==== Records shown ====

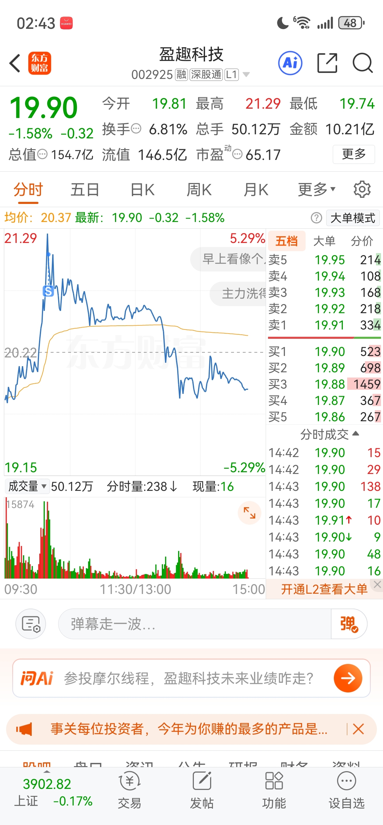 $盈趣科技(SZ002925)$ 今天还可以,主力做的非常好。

====
==== Records shown ====

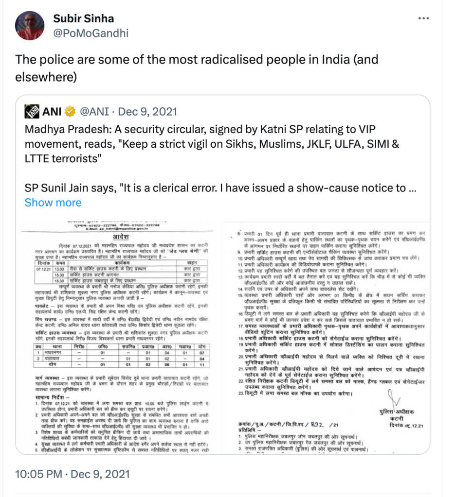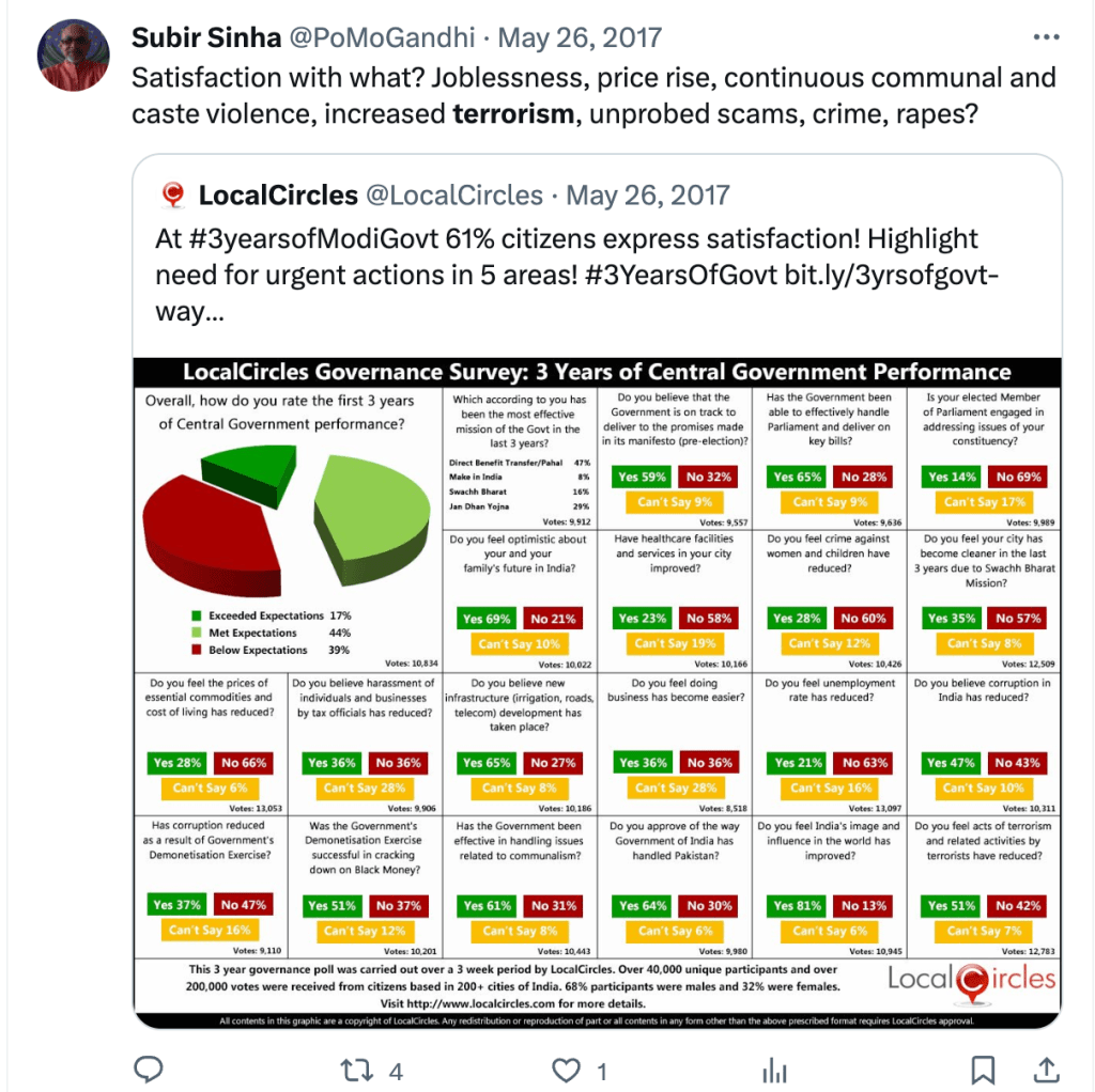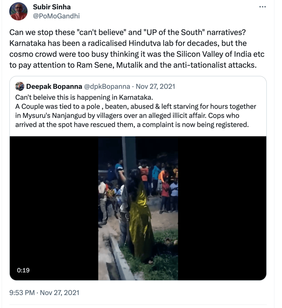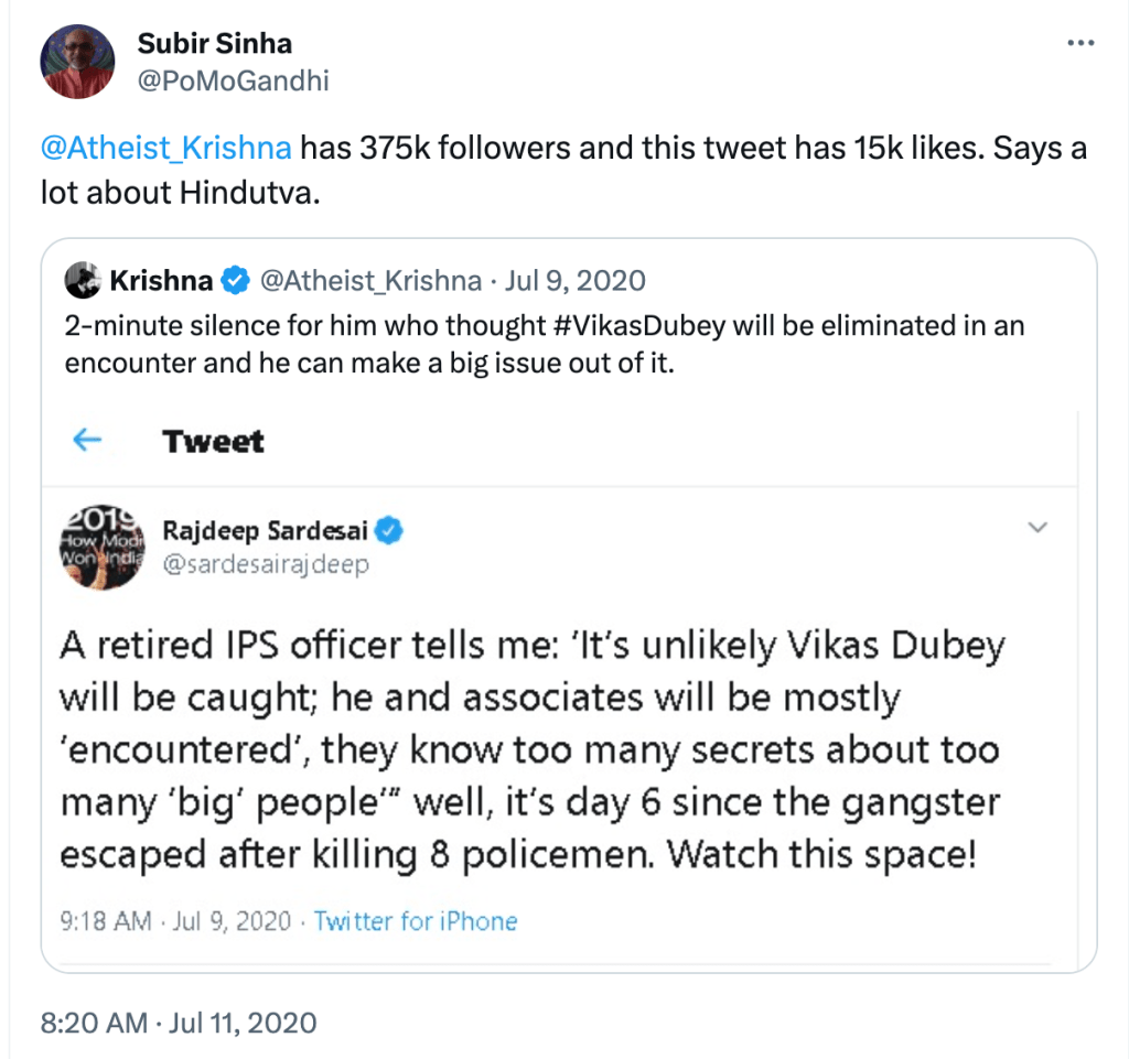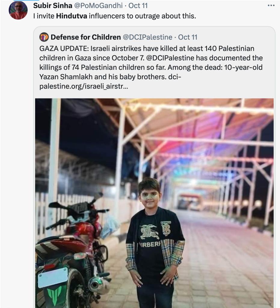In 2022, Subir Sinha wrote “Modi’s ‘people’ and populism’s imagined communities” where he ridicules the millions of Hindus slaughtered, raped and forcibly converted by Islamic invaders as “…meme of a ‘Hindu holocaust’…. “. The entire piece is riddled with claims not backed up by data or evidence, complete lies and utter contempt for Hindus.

====
==== Records shown ====

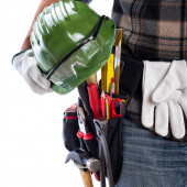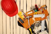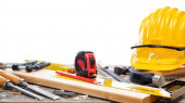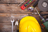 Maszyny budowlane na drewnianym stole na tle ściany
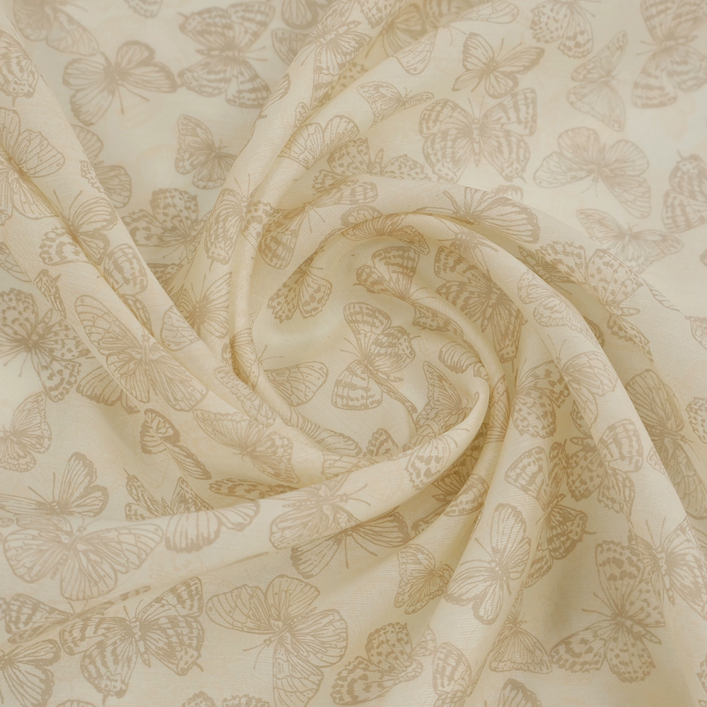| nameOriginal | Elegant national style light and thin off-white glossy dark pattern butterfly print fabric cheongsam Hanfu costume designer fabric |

====

_What is being asked:_ From the line holding "Maszyny budowlane na" to the line holding "designer fabric |", both included, retype the entries above exactly and drop the pictures.

_Output of the task:_
 Maszyny budowlane na drewnianym stole na tle ściany
| nameOriginal | Elegant national style light and thin off-white glossy dark pattern butterfly print fabric cheongsam Hanfu costume designer fabric |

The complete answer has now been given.